Having exhausted the cousins I work my way up slowly towards my own immediate family.    

  • Aaron won’t attend because I am there – he’s made some excuse up and that’s ok.   He also agrees with Dianne that James’s death is Krissy’s fault – had to be a woman at the bottom of it  – right?  His eldest Michael is spending Yule with his son Davin and Davin’s mother Jennifer – seems he’s trying to get back in her good graces which ultimately means she’ll wind up getting pregnant again (Carol speaking).   I respond bluntly – here I am on solid ground - that Jennifer is a sweet girl and she loves him but she’s not seeing him with clear eyes.   He’s still learning that actions have consequences and responsibilities but that doesn’t yet translate into keeping his pants zipped.   *sigh.  His brother David will be working – A&W  is open.   Tessa will be there and I can’t wait to see her again.
  • Sean has to work so Megan won’t be there.   That too is probably for the best but I will miss seeing her.
  • Patrick will be there along with Julie and Ryan.  Royce won’t be there he’s off on some religious retreat and oh by the way he’s engaged to some girl that reminds Carol of a cow – sweet, placid and dumb – also of the same religious persuasion.  All news to me but oh well.  Seems the boy wants to be a minister after all.  Mother will be there.

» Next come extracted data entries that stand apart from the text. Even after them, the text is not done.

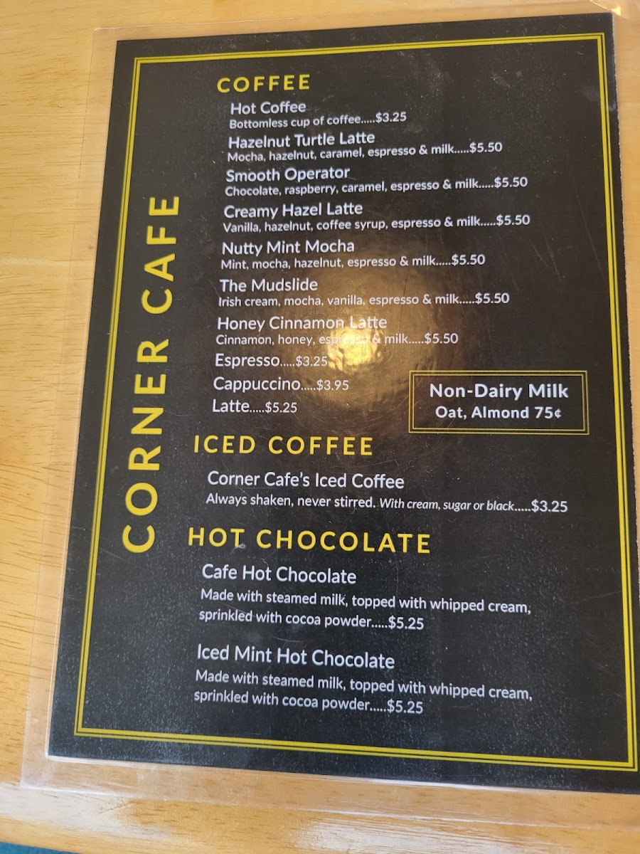 Corner Café offers a straightforward and inviting menu featuring casual café fare and comforting drinks ideal for starting your day or grabbing a relaxed lunch. The variety ranges from hearty breakfast plates to simple sandwiches and light takeout options, all reflecting a down-to-earth approach to dining.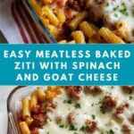This delicious meatless baked ziti features tender cooked pasta tossed with sautéed spinach and mushrooms, creamy ricotta and goat cheeses, and rich spaghetti sauce, then baked to bubbly perfection with melted mozzarella on top. A hearty and comforting vegetarian casserole perfect for a family dinner or potluck.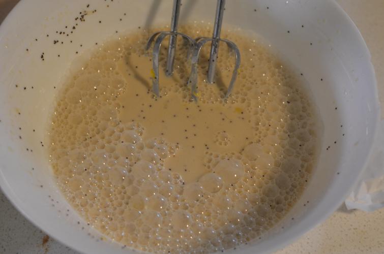 Poner la lata completa de crema de coco en un recipiente. Agregar el otro cuarto de azúcar de coco, 20 gotitas de stevia, la semillas de amapola, la ralladura de limón y el jugo de limón.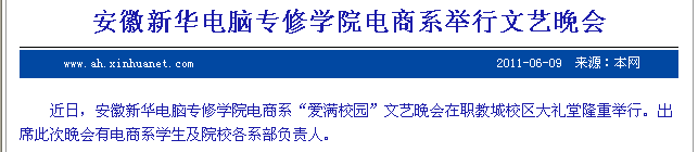 新华网讯 近日,安徽新华电脑专修学院电商系“爱满校园”文艺晚会在职教城校区大礼堂隆重举行。出席此次晚会有电商系学生及院校各系部负责人。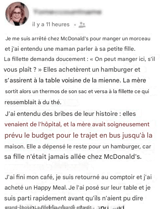 Je me suis arrêté chez McDonald’s pour un petit morceau rapide, espérant décompresser après une longue journée fatigante. L’arôme familier des frites et des galettes grésillantes emplissait l’air alors que je me dirigeais vers le comptoir. Alors que je restais là, attendant ma commande, mon regard a erré à travers le restaurant, où des familles et des groupes d’amis étaient assis, discutant et riant.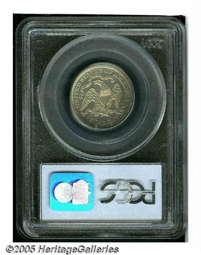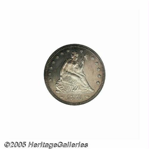 <B>1874<25C> Arrows PR64 PCGS.</B></I> Bright, watery surfaces display tinges of orange toning at the margins. A speckle or two of dark gray color is on the base of the eagle's shield. This well struck near-Gem can be identified in future auction appearances by a short mint-made lintmark between Liberty's rock and the first star. A scarce two-year proof type, one of just 700 proofs issued.
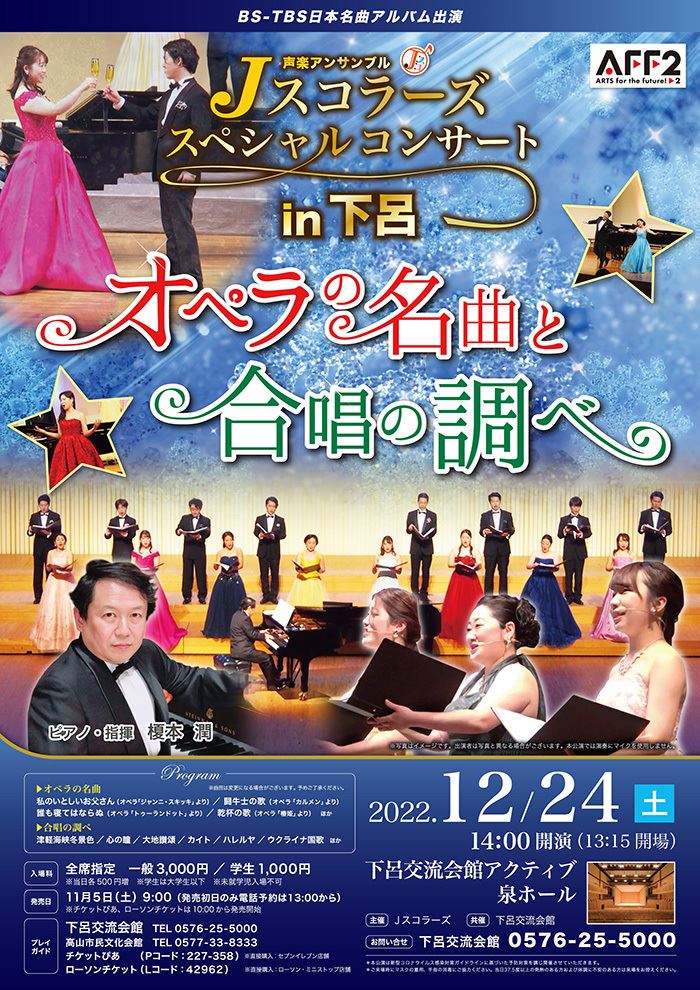 Jスコラーズ・スペシャルコンサート in 下呂 22/12/24(土) 下呂交流会館 泉ホール シェア ツイート オペラの名曲と合唱の調べ 公演情報 ジャンル 声楽 未就学児童は入場不可。ホール内での飲食はできません。車いす席をご希望の方は、下呂交流会館までお問合せ下さい。感染防止対策にご協力下さい。詳しくは下呂交流会館ホームページをご確認ください。 料金 全席指定 一般-3,000円 全席指定 大学生以下-1,000円 表示できるチケット情報はありません詳しくはこちら キャスト&スタッフ 出演 Jスコラーズ 榎本潤 お問い合わせ 下呂交流会館 公式サイト シェア ツイート
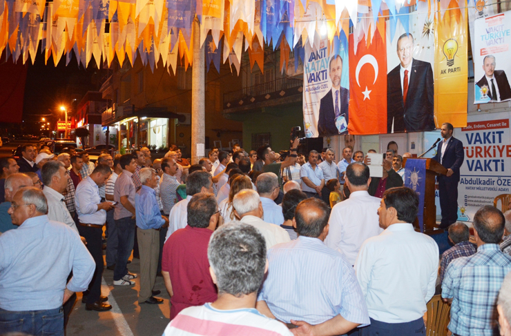 Var güçleriyle sahada çalışma yaptıklarına dikkat çeken Hatay Milletvekili adayı Abdulkadir Özel; “Yeni dönem; üretime dayalı, büyümeye dayalı, hizmetlerin ve yatırımların planlandığı ve bu planlama doğrultusunda İskenderun’un da daha iyi bir pay alacağı dönem olacaktır. Biz bunun için çalışıyoruz. Ankara’da taleplerimize kulaklarını kapatan, gözlerini kapatan bürokrasiye izin vermeyeceğiz. Başta bölgemizdeki kardeşlerimizin istihdam sorununu çözeceğiz. İstihdamı yapacağımız yatırımlarla daha da arttıracağız. İstihdama yönelik ne kadar hizmet varsa, ilimize ve bölgemize yönlendirmek için istişare yapacağız” şeklinde konuştu. (Haber: Helga TERBİYELİ)
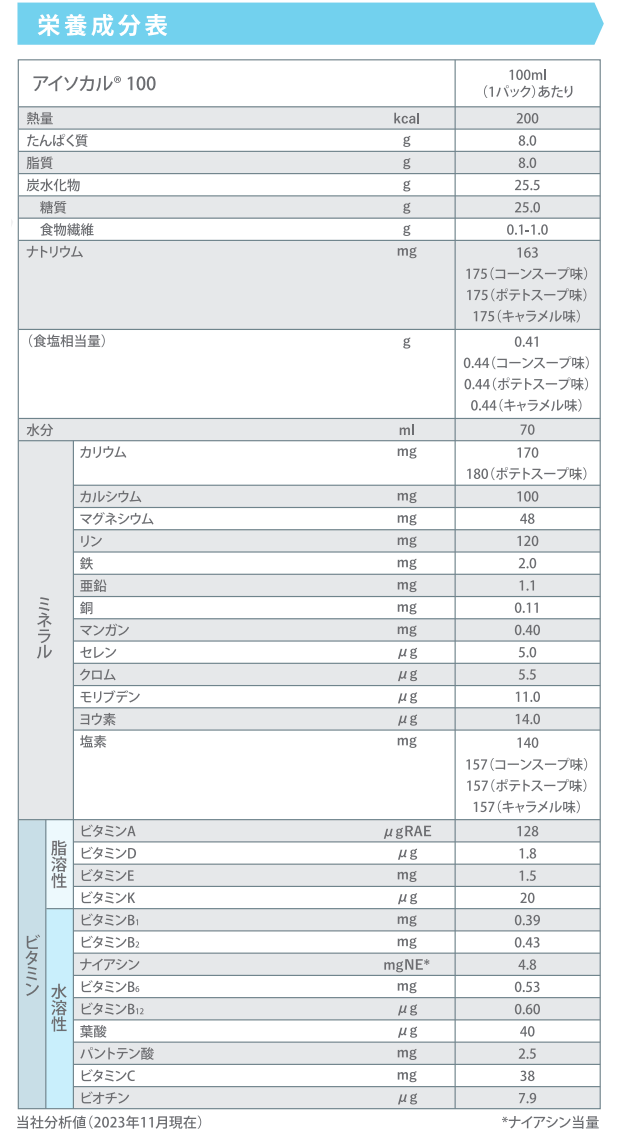 | 注意事項 | 【使用上の注意】 ・静脈内等へは絶対に注入しないでください。 ・内容成分が浮遊、沈殿することがありますが、品質には問題ありません。 ・パックのまま電子レンジで加熱しないでください。 ・パックの漏れや膨張がみられるものは使用しないでください。 ・開封時に異味、異臭のあるものは使用しないでください。 ・開封後はすぐにご使用ください。 ・必要に応じて医師・管理栄養士等にご相談ください。 ・原材料に含まれるアレルゲン(28品目中):乳、大豆、ゼラチン 【取り扱い上の注意】 ・常温で保存できますが、なるべく涼しい所に保管してください。 ・本製品には紙製のストレートストローが付属しています。ストローの一部がパックから突出していますので、取り扱いにご注意ください。 |

Al and his son Chance drop in.  Hadn’t seen Al in over 20 years and I was saddened to hear that he and Evie split and to see how wild Chance has become due to his parent’s divorce.  They each spoil him trying to equate that with love.  The child is 8 and has no manners, nor does he listen to an adult.  It’s easy to see that this will be a pattern difficult to reverse and will have re-percussions later in life.  I hope Al learns to discipline his son for Chance’s sake.  Right now he’s hurting too much to see the effect of any action.

 

Ultimately there is plenty of food.  Everyone who said they would come did.  Those who said they would not didn’t.  No one fought, no one got drunk.  The kids opened their presents and played nicely.  I left gifts for the kids who didn’t come with Patrick and with Joyce.  I was glad I went and yet saying ‘goodbyes’ held more of a sense of finality then any year before.  I know that it will be a very long time, if ever, that I see some of these people again.  So there is a touch of grief and yet – a chapter is closing and a new one beginning.

 

Other odd note – best gift I received was from my brother Patrick.  A Xmas Tree music box that plays O Tannenbaum and opens up to reveal a smaller tree with a train that goes around the tree as the music plays.  He said it reminded him of one Xmas when we were kids…..I didn’t tell him but I remember that one too and I always will.  It was the Xmas after Father died – the boys got one gift – a second hand train.  Last I knew, Patrick kept the caboose on his bedroom dresser. I guess it was his way of reminding me that no matter what may happen to us in life – we share a common beginning and experiences.  We are still family.